Sonnet 113 is one of 154 sonnets written by the English playwright and poet William Shakespeare. It's a member of the Fair Youth sequence, in which the poet expresses his love towards a young man.

==Synopsis==
Since he left his beloved, the poet can think of nothing else. His eye no longer sees the outer world, only the image of the beloved. Birds, flowers and other forms cannot enter his mind since it is filled with the image of his love. Whatever he sees, ugly or beautiful, is transformed into the beloved, and so the perfect inner image makes his outer vision false.

==Structure==
Sonnet 113 is an English or Shakespearean sonnet. The English sonnet has three quatrains, followed by a final rhyming couplet. It follows the typical rhyme scheme of the form ABAB CDCD EFEF GG and is composed in iambic pentameter, a type of poetic metre based on five pairs of metrically weak/strong syllabic positions. The 11th line exemplifies a regular iambic pentameter:
   × / × / × / × / × /
 The mountain or the sea, the day or night, (113.11)
Indeed, all fourteen lines may be scanned regularly, excepting the final extrametrical syllables or feminine endings in lines 10 and 12:
   × / × / × / × / × / (×)
 The crow, or dove, it shapes them to your feature. (113.12)
/ = ictus, a metrically strong syllabic position. × = nonictus. (×) = extrametrical syllable.

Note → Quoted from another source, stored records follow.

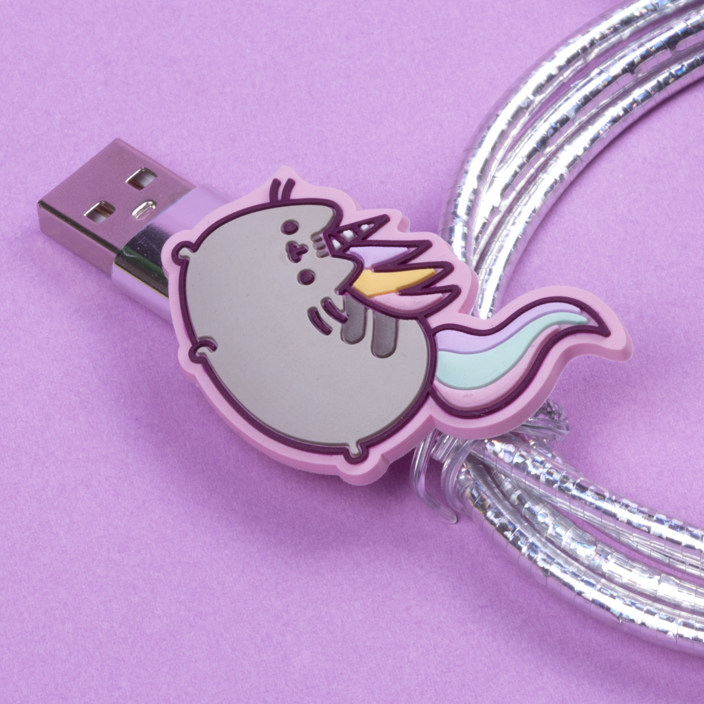 Ładowanie twoich urządzeń po prostu oszalało dzięki temu błyszczącemu kablowi do ładowania Pusheen z jednorożcem. Z jednej strony ma złącze USB, a na drugim końcu wymienne złącze Micro USB. Służy do ładowania urządzenia z systemem Android lub iOS
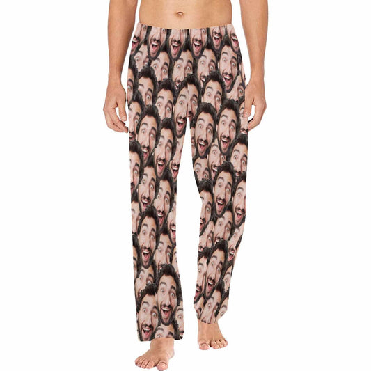 Lange pyjamabroek met aangepaste foto en naadloze afbeeldingen, gepersonaliseerde pyjamafeestnachtkleding voor heren
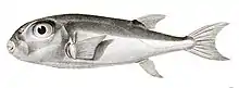 本魚體呈圓筒形,體表面光滑,口小。魚體背部灰青色,腹部銀白;鰓孔白。尾鰭月形,上葉黃色,下葉白色。背鰭軟條11至13枚;臀鰭軟條10至12枚,體長可達45公分。
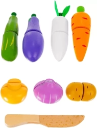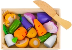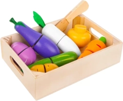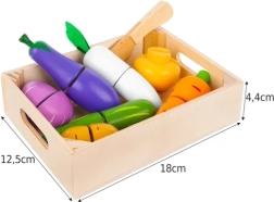 Lõbus puidust köögiviljakomplekt lõikamiseks stiilses kastis pakub lastele tunde loovat mängurõõmu. Tänu sisemistele krõpskinnitustele saab tükke hõlpsalt “lõigata” ja taas kokku ühendada ohutu puidust noaga. Arendab peenmotoorikat, loovust ning värvide ja kujundite õppimist, on vastupidav ja lihtsasti kaasaskantav.
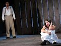 Ausgesprochen “tschechisch” wird es, wenn Koegel-Dorfs den Bühnenrealismus ins Groteske kippen lässt und Bühnenbildner Andreas Auerbach dafür seine Jenufa-Bretterscheune perspektivisch verzerrt weitet. Da gerät dann der anrührend verträumt gezeigte Außenseiter Wenzel in den Bann einer skurrilen, aber für ihn besseren Parallelwelt: die Welt des schönen Theaterscheins, in der gestelzt komödiantische Direktoren (mit fast dämonischer Präsenz: Martin Fleitmann) und vielfältig lockende Traumtänzerinnen (Michaela Rams) die Erdenschwere aufheben. Steffen Doberauer, im allerbesten Sinne ein Spieltenor, möchte man da gerne die Krone des Abends überreichen, denn er singt die (gefürchteten!) Stotter-Arien des Wenzel perfekt und enorm ausdrucksstark. Durch ihn lassen Schwejk und Broucek grüßen. Und man wäre nicht verwundert, wenn er sich auf offener Bühne vom Bären auch noch in einen Kafka-Käfer verwandeln würde.

The meter demands a few variant pronunciations: Line 4's "effectually" functions as four syllables, and line 6's "flower" as one. There are also several contractions which are unusual to modern ears: Line 9's "rud'st" and line 10's "deformèd'st" of which Stephen Booth says, "[b]oth words demonstrate their sense; they are contorted alternatives for 'rudest' and 'most deformed'". Finally, the Quarto's metrical "maketh mine" in line 14 is rejected by some editors, typically requiring an emendation with an unusual pronunciation, as for example Kerrigan's "mak'th mine eye", or Booth's "maketh m'eyne" (m'eyne = "my eyes").

==Interpretations==
- Zoe Waites, for the 2002 compilation album, When Love Speaks (EMI Classics)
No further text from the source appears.